_Try it:_
What you return must be the exact lines of the material below, from the first through the one that has "Dood gaan, overlijden, kleuters", with no pictures and, please, nothing else.

_Dataset content:_
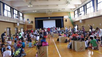 いよいよ校庭キャンプが始まりました。PTA会長中根さんのあいさつでみんな今日一日夏休みの思い出づくりを誓うとともに、この日のためにいろいろと準備をしてくださった地域の方々に感謝しました。
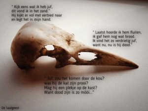 Dood gaan, overlijden, kleuters praten er nog heel open over. En waarom ook niet, het hoort bij het leven, hoe verdrietig ook. Deze kleuter kwam binnen met een prachtig schedeltje.
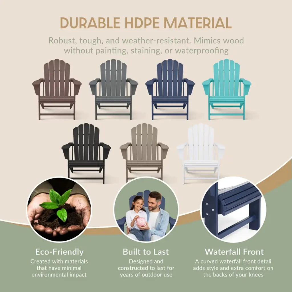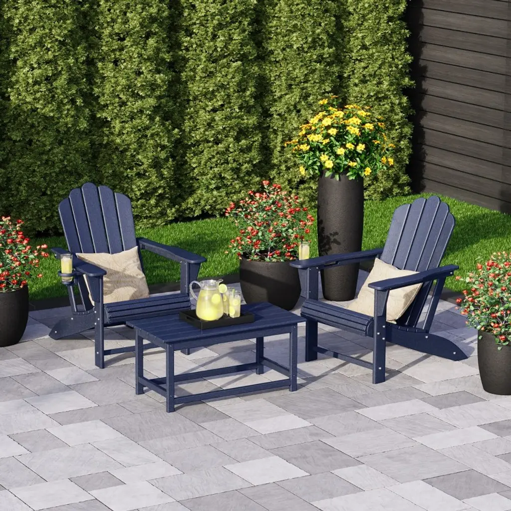 Relax in style with our 3-piece Adirondack chairs with cup holder and Coffee table set for ultimate convenience. Crafted from durable, weather-resistant, UV and fade-resistant HDPE, designed to withstand the elements and provide lasting comfort. The contoured seat with the waterfall and backrest offer optimal support, while the hidden cup holder keeps your drink within reach and the helpful patio coffee table can hold extra drinks or snacks.While we strive to accurately represent product colors, please be aware that actual colors may vary slightly due to individual screen settings and lighting conditions. FeaturesSet Includes: Two (2) Adirondack Chairs with Cup Holders and One (1) Patio Coffee TableConstructed from Durable HDPE Material and Designed to be Stable and SturdyWeather Resistant to Protect Against the Harsh Outdoor ElementsFade and UV Resistant to Protect Against the SunHidden Cup Holder to Hold Your Drinks on Those Warm or Cold Afternoons and Can be Hidden for a More Classic Adirondack Chair Look and a 35" Inch Wide Coffee Table for Plenty of Space for More Drinks or Snacks20" Inch Wide Inclined Seat for a Spacious Seat wth a Contoured Seat and Waterfall Front to Relieve Pressue on the Back of Your Knees and Curved BackrestSlatted Backrest and Seat for added Breathability for those Warmer DaysDetails:Product Type: Patio Conversation SetsWhat's Included: (2) Adirondack Chair; (1) Coffee TableAdirondack ChairDimensions: 29.5" W x 33" D x 36.75" HWeight: 38 lbs.Seat Width: 20.75"Seat Depth: 19.5"Seat Height: 15"Weight Capacity: 450 lbs.Coffee TableDimensions: 35.25" W x 17.5" D x 16" HWeight: 21 lbs.Weight Capacity: 220 lbs.

_Reply:_
 いよいよ校庭キャンプが始まりました。PTA会長中根さんのあいさつでみんな今日一日夏休みの思い出づくりを誓うとともに、この日のためにいろいろと準備をしてくださった地域の方々に感謝しました。
 Dood gaan, overlijden, kleuters praten er nog heel open over. En waarom ook niet, het hoort bij het leven, hoe verdrietig ook. Deze kleuter kwam binnen met een prachtig schedeltje.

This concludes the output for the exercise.